画面是她此刻的状态,江宴这才看清了自己的脸。
是一张清透而干净的脸,与本人性格完全相反的一张脸,江宴从前能吃上主播这碗饭,她那张脸占了主要功劳。
原主这容貌与她五分相似,三分更胜,外加两分年轻,她一个二十五岁的灵魂直接换了十七的皮囊,这算是穿越的福利吗?
满是胶原蛋白的肌肤如玉盘一般光滑,柔和的剑眉,配上一双无辜的杏眸,水灵灵的干净又灵动。
鼻梁纤细高挺,唇红齿白带着俏生生的文艺感,扑面而来的青春模样像夏季的微风一般叫人舒服。

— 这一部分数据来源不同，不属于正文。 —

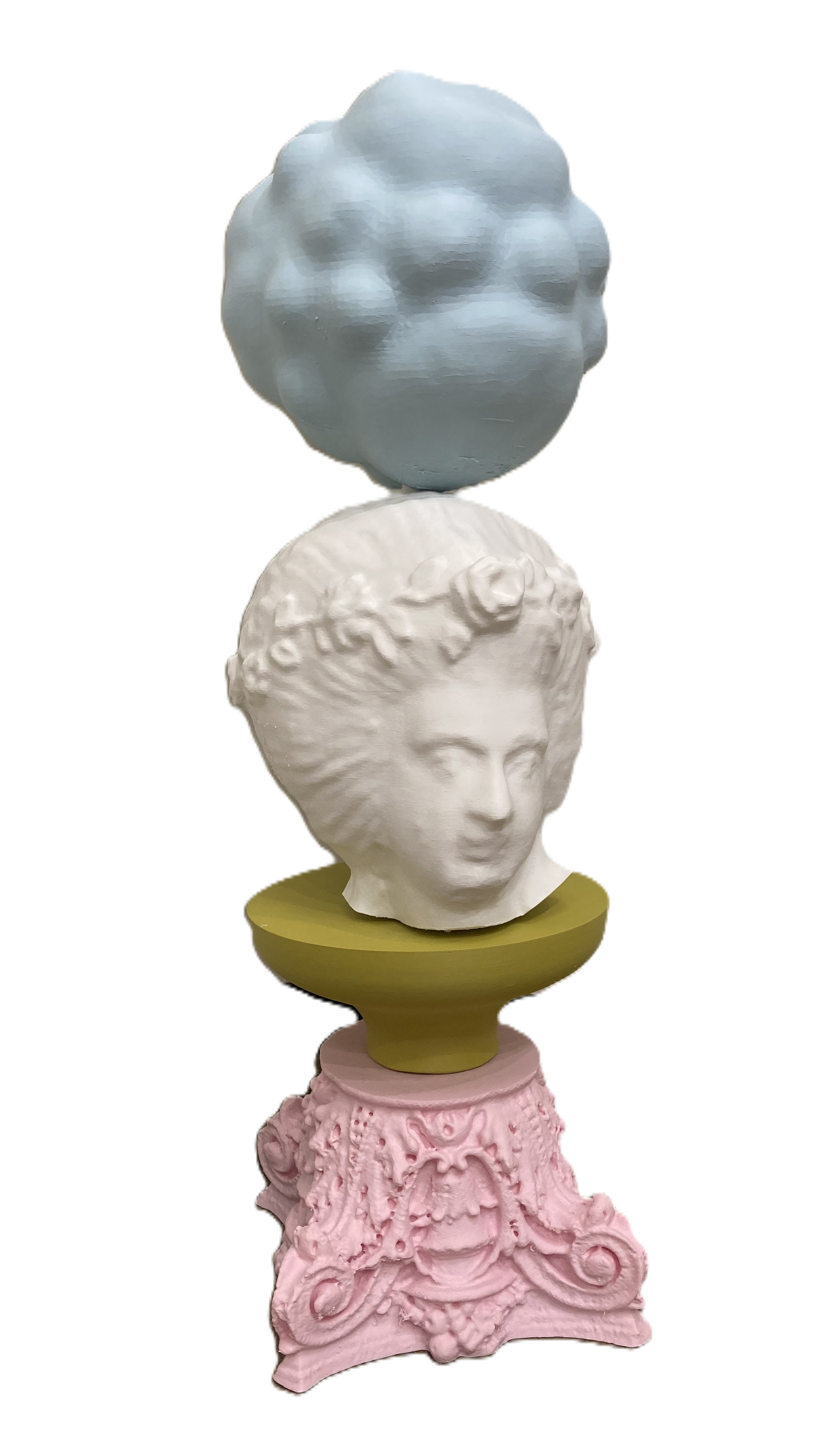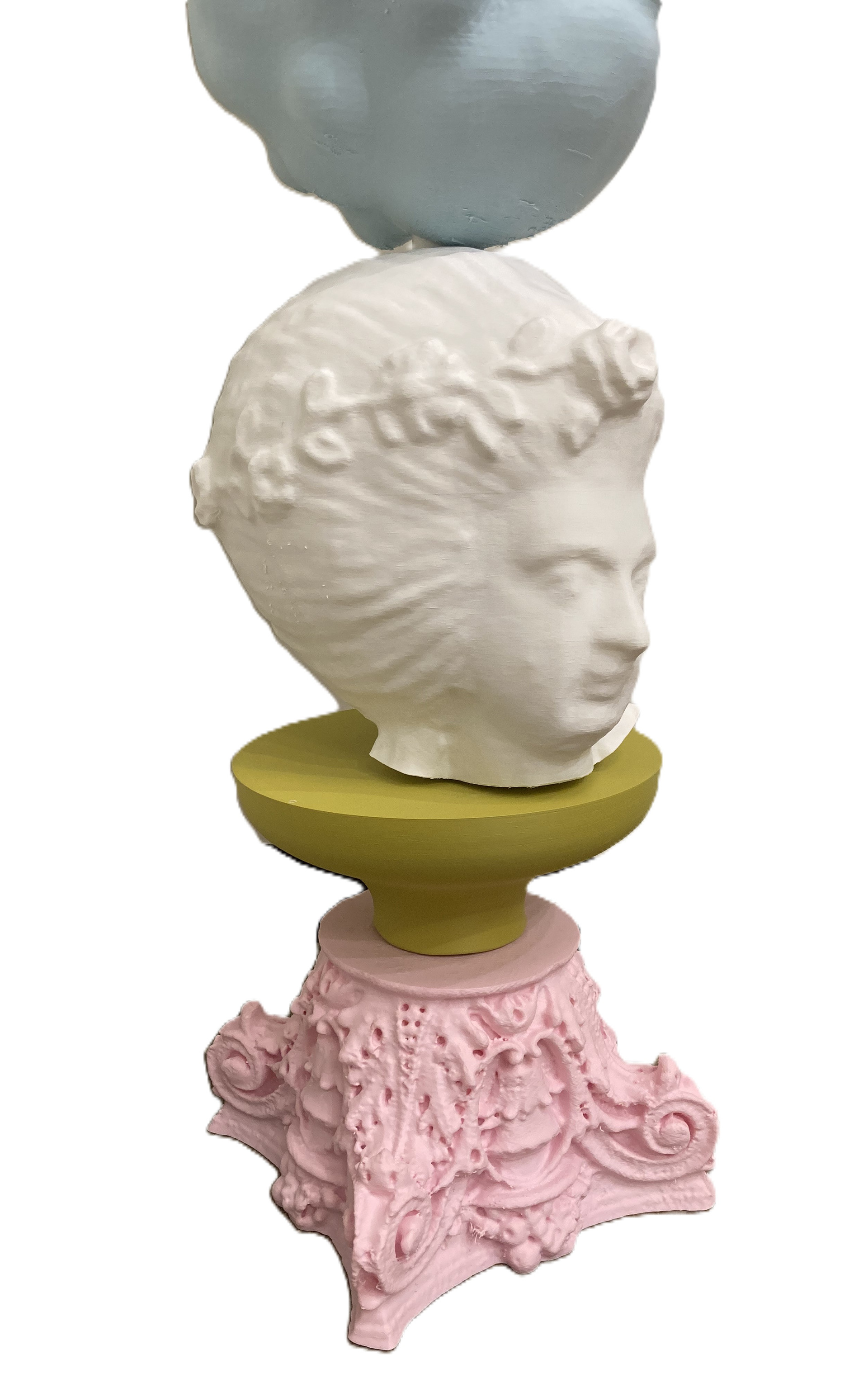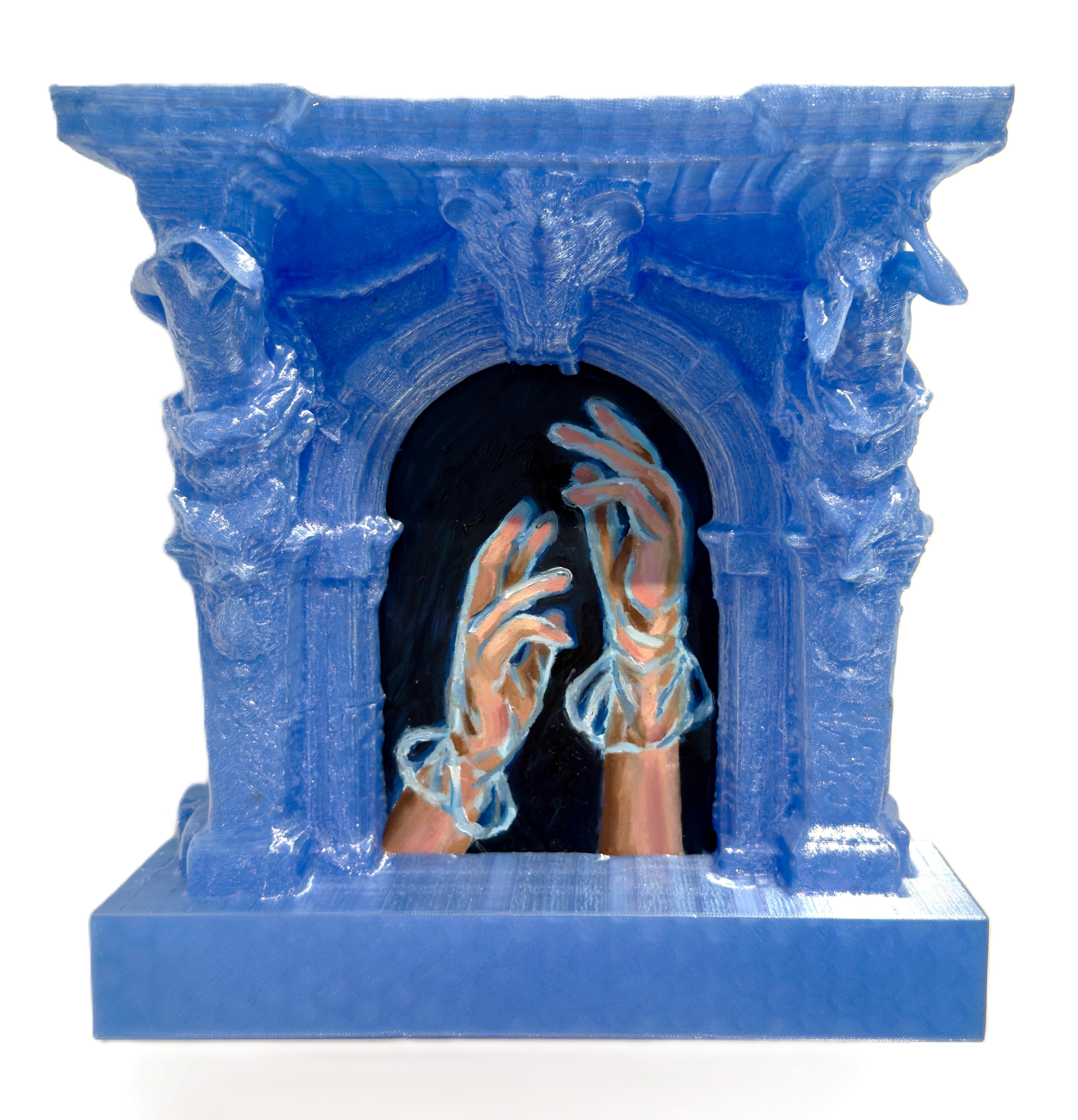 Together, the works in Cheap Opulence explore shifting ideas of value, access, and authorship. In 3D printed form, these artifacts might seem to outlast us, yet their biodegradable nature ensures they decompose like flesh. Their historical weight is undercut by infinite replicability. Once removed from their original sources, they become something else entirely. These miniatures lean into camp and whimsical excess, transforming historical fragments into playful performers on a global stage that begins right here in Columbus, Indiana.
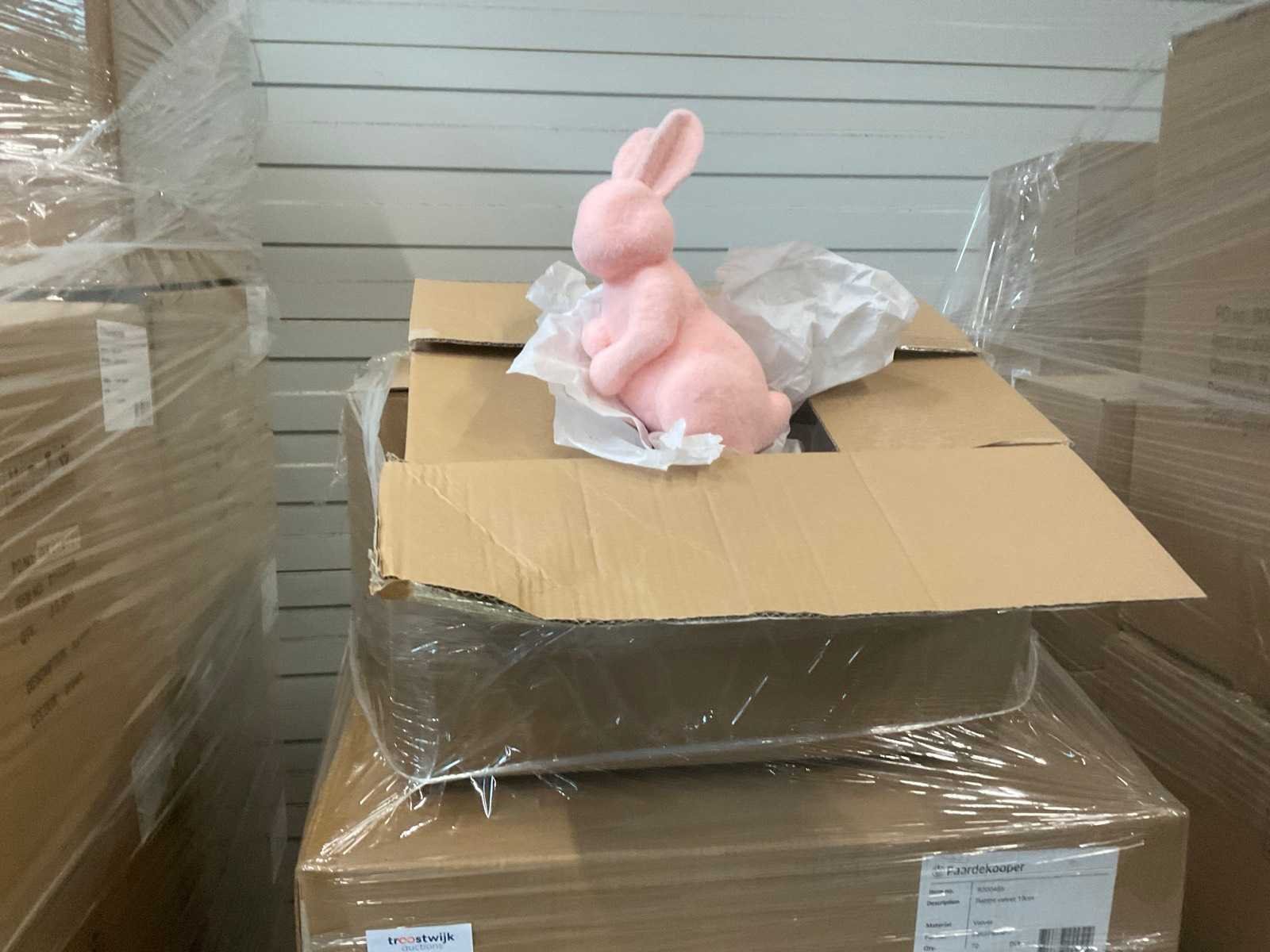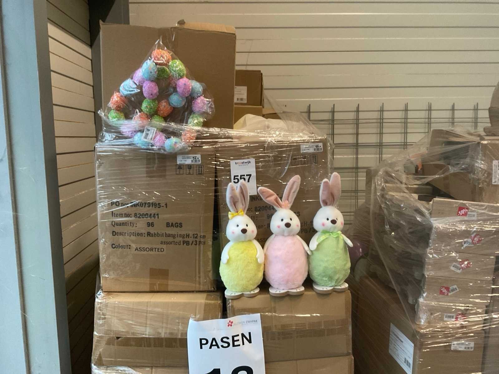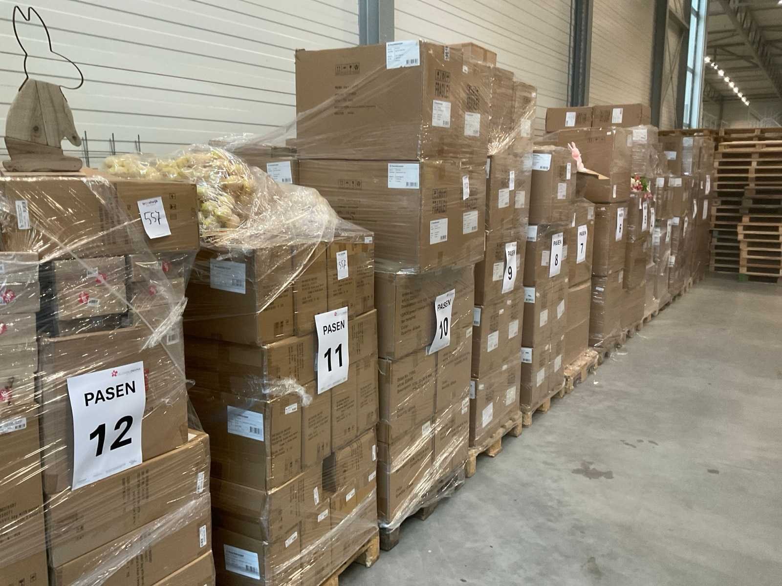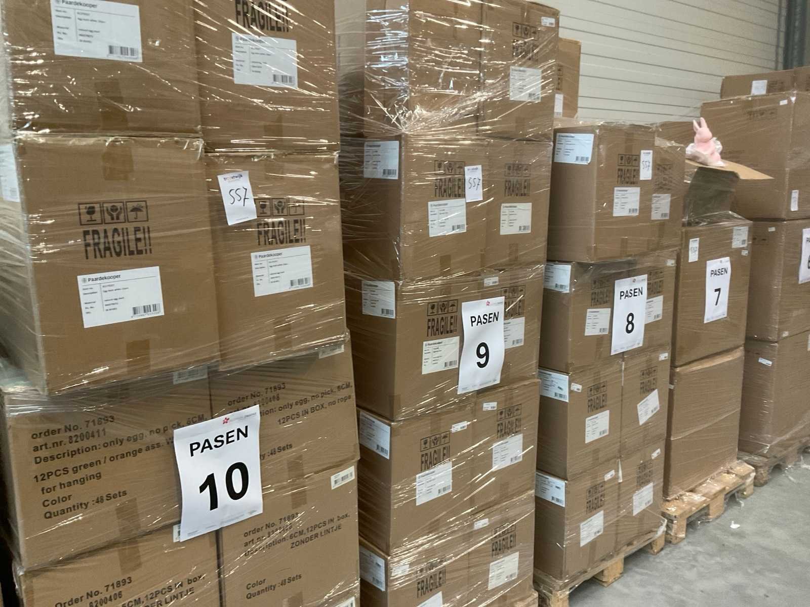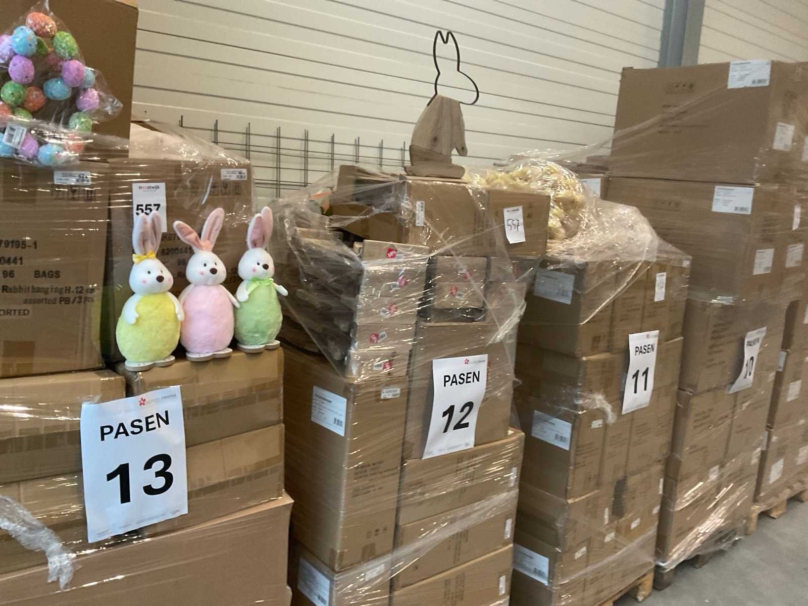 14 pallets, diverse paas artikelen, o.a. decoratie, diverse kleuren paaseieren, paashazen, inclusief pallets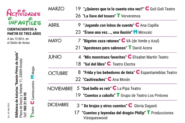 El programa trae a la biblioteca cuentacuentos en los que participan destacados artistas asturianos como Ana Capilla, Goli Goli Teatro, VA (de Verde y de Azul), Teatro Electra, Espantanieblas Teatro, Ana Morán, La Pipa Teatro y Gloria Sagasti. Los cuentacuentos tendrán lugar los domingos 19 de marzo, 9 de abril, 7 de mayo, 4 y 18 de junio, 8 y 22 de octubre, 5 de noviembre y 3 de diciembre.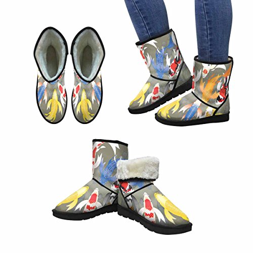 (InterestPrint)/Women's/Boots/DIRECT FROM USA/InterestPrint Women's Snow Boots Stylized Butterfly Koi Fish Swimming In a School Unique Design...
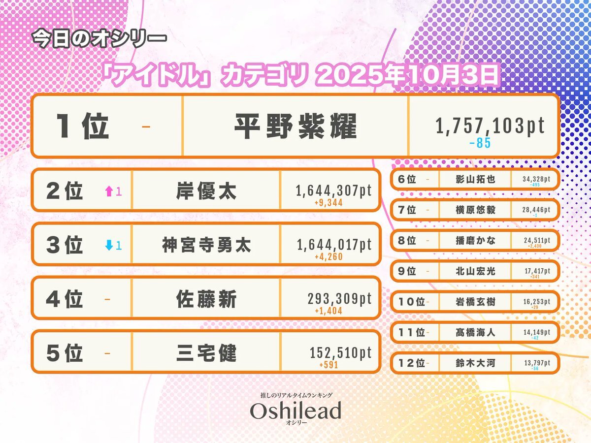 【⚡️今日の注目カテゴリトップ12⚡️】 10月3日 #アイドル カテゴリの結果は… #平野紫耀 #岸優太 #神宮寺勇太 #佐藤新 #三宅健 #影山拓也 #横原悠毅 #播磨かな #北山宏光 #岩橋玄樹 #髙橋海人 #鈴木大河 ▼あなたの推しを応援しよう▼ oshilead.com/ranking.html?c…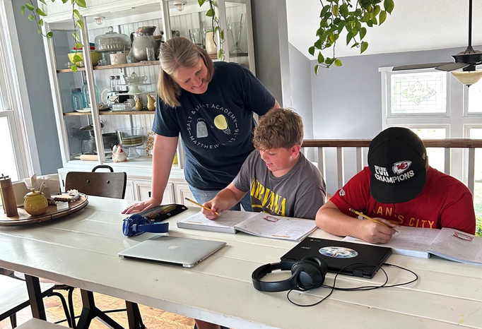 Top image: Jennifer Hunt works with students at Salt + Light Academy in Kansas. Photo: Kerry McDonald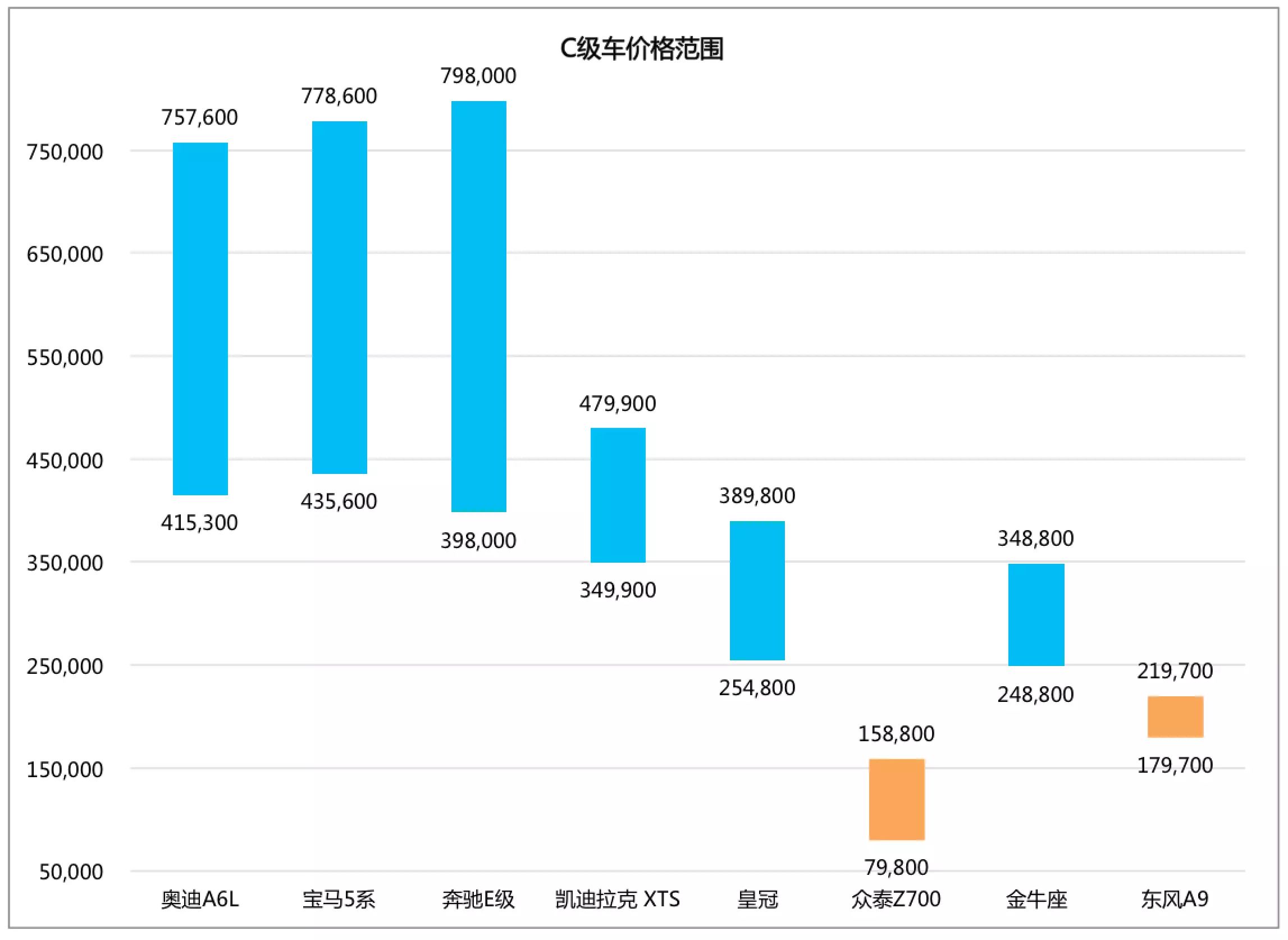 C级车这一以尺寸定义的细分市场,由于豪华车品牌BBA(奔驰、宝马、奥迪)的长期把持,在中国似乎形成了一种“身份准入”,对目前在售的C级车价格进行梳理后发现,存在三大阵营:第一类就是传统的C级车三强:奥迪A6L、宝马5系、奔驰E级,售价基本都在40万以上;第二类是作为后来者的凯迪拉克XTS、皇冠、长安福特金牛座,价格集中在20-40万,最高的凯迪拉克顶配接近50万,当然这一类还能再分,包括皇冠这样后继乏力的老资格,以及挑战高端遇阻的金牛座;最后一类是意欲挑战高端的自主品牌东风A9和众泰Z700,这一类既有顺应公车改革的需求意味,也有盲目拔高、不切实际的风险。

原主就是顶着这张脸,去与狐朋狗友逛花楼的?也不知道挣没挣到银子,江宴嗤笑了一下。
她无法想象这么一张清纯的脸,是怎么让自己的花名传遍大街小巷的,真是暴殄天物。
不过眼下不是研究脸的时候,眼前这东西像是改良后的直播系统,只是都半天了却没进来一个粉丝,若说她以后要靠这个东西吃饭总的想办法将它激活。
无奈,她试了好几种方法,屏幕依旧是没有任何变化,只有她一个人的自导自演。
哎,就算是给的福利,也要带说明书啊,让她自己去猜得到何年。江宴研究半晌,那东西还是跟死的一样,江宴的心也从一开始的激动变成了躺平。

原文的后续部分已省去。